BRIEF: When you reach the line containing "活動内容の詳細、ご見学のお申し込みなどは ハートランドみのり ☎03-5928-1920まで", begin reproducing the material exactly, stop after the line containing "7. Celupkan bulatan", and leave out any pictures along the way.

[[ DATA UNDER STUDY, beginning ]]

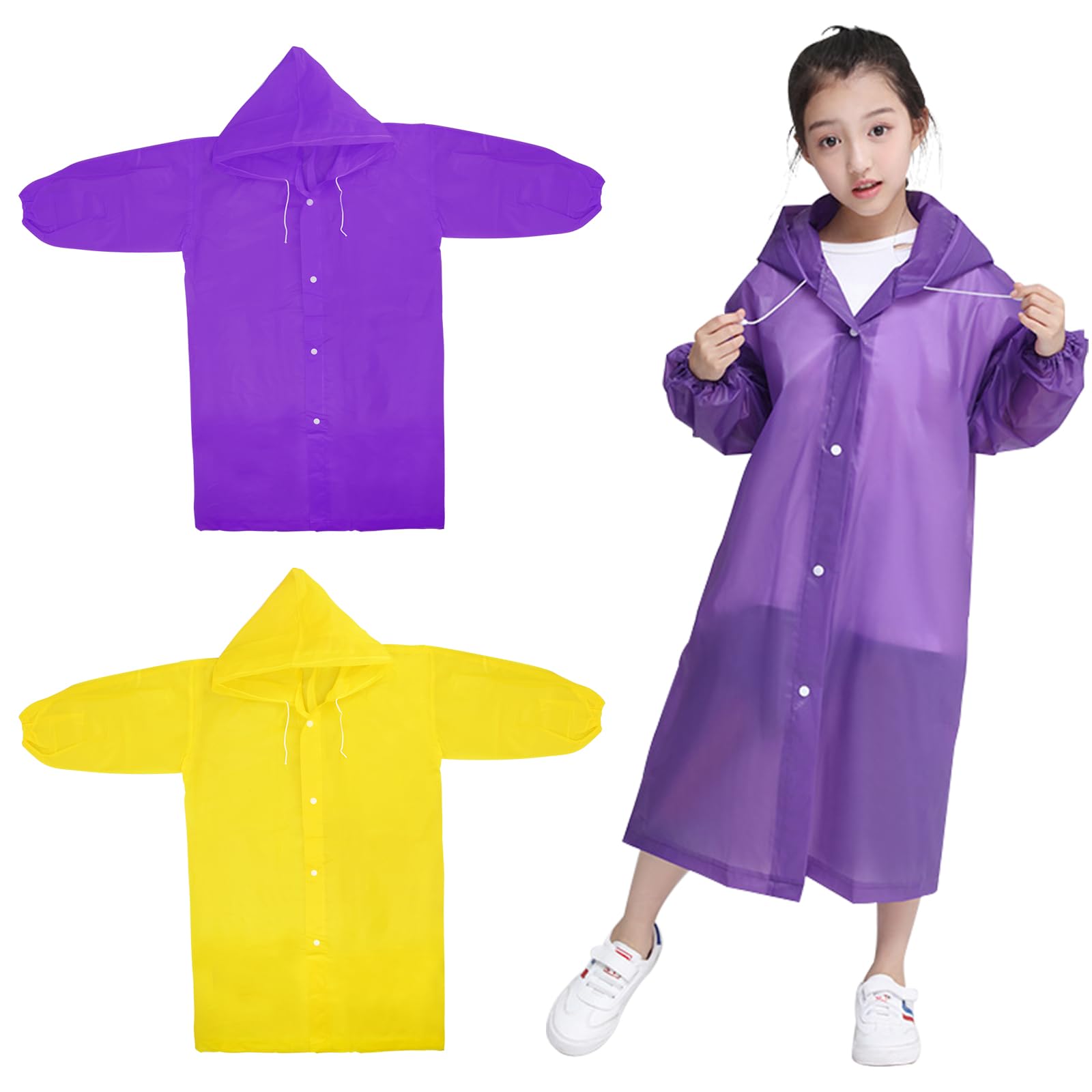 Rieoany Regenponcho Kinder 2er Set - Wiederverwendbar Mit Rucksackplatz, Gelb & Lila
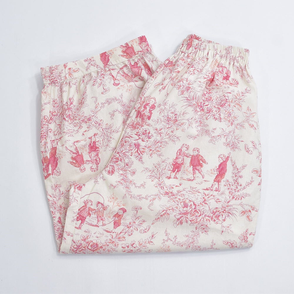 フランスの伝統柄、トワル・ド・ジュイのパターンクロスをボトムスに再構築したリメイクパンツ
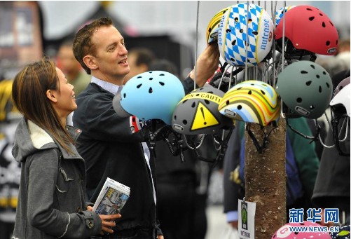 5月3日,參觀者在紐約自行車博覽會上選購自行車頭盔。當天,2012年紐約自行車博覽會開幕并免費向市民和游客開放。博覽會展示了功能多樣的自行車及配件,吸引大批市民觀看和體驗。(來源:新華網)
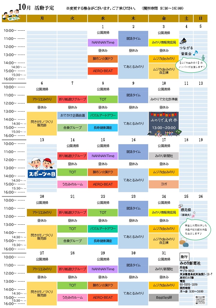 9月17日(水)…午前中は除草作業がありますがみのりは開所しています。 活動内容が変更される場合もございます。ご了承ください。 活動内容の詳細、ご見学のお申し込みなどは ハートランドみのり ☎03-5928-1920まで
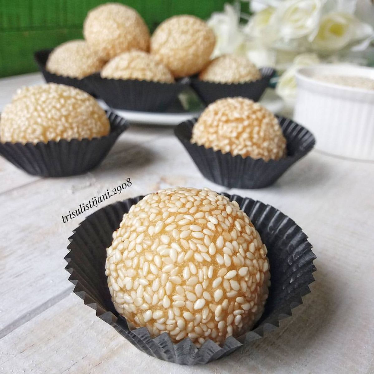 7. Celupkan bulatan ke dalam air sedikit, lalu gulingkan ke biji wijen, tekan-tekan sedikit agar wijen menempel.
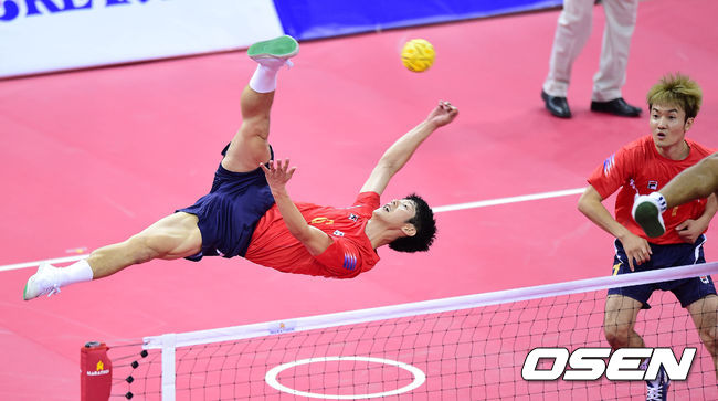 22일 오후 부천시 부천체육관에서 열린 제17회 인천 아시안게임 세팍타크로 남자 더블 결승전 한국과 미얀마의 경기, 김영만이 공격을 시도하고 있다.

[[ DATA UNDER STUDY, end ]]

EXERCISE RESPONSE:
 9月17日(水)…午前中は除草作業がありますがみのりは開所しています。 活動内容が変更される場合もございます。ご了承ください。 活動内容の詳細、ご見学のお申し込みなどは ハートランドみのり ☎03-5928-1920まで
 7. Celupkan bulatan ke dalam air sedikit, lalu gulingkan ke biji wijen, tekan-tekan sedikit agar wijen menempel.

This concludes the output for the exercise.